An gut ausgebildeten und erfahrenen Ingenieuren mangelt es in Deutschland nicht – aber sie dürfen nicht. Sie werden durch die genannten Umstände gefesselt.
Internationale Lösungen
In Italien kennt man ebenfalls Kostenexplosionen und sucht nun für komplexe öffentliche Planungs- und Baumaßnahmen mit einer „Cabina di Regia“ einen Ausweg.
Dänemark und die Schweiz zeigen, wie schnell man mit guter Qualität Großprojekte durchzieht; Dubai mit unserem westlichen Know-how ohnehin.
Deutschland verliert den Anschluss
Die Parole für Deutschland sollte – nicht nur für den öffentlichen Bau – heißen: Speed und Quality, damit endlich wieder Benchmarkniveau wie in der Industrieproduktion erreicht wird.
Es fragt sich wirklich: Wo sind die Macher in Deutschland, die mit Ehrgeiz und starkem Willen denen folgen, die das Land wieder aufgebaut haben?

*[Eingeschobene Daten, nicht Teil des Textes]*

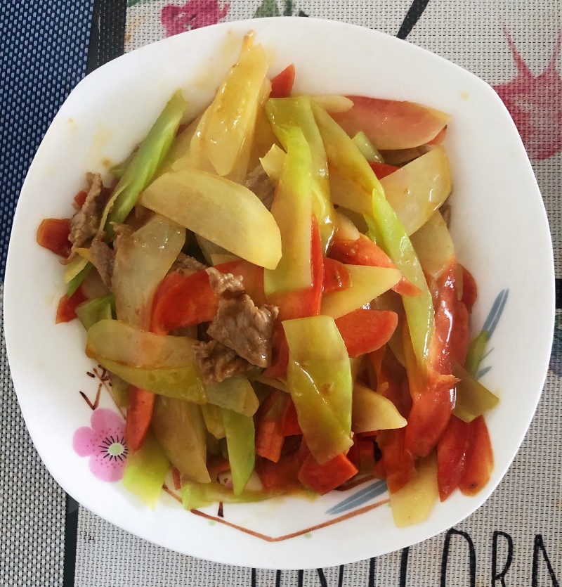 4:土豆片变色后,放入胡萝卜和莴笋片翻炒。

Wir sind eine Nation der verantwortungslosen Bedenkenträger geworden, die einen Verschiebebahnhof der Verantwortungen toleriert, nicht zupackt, Verantwortung meidet und eher einen schlechten Kompromiss bevorzugt, als sich für eigene Ideen gegen den Mainstream im Sinne der Sache durchzusetzen.

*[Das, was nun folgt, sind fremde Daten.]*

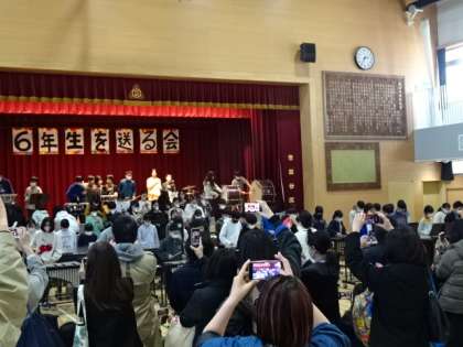 保護者会の前に、6年生が体育館で「キセキ」の合奏を保護者の皆さんに披露しました。なかなか音楽の授業をご覧いただくことができませんでしたが、卒業前に保護者の方の前で披露で来て子どもたちも喜んでいました。ご参加ありがとうございました。

Unsere jetzige Regierung ist dafür ein gutes Beispiel: große Ankündigungen – Wein wird gepredigt und zuletzt Wasser verteilt!
Wo sind endlich die unideologischen Macher für Geschwindigkeit und Qualität, die sich für die Allgemeinheit und den normalen Bürger stark machen und einsetzen?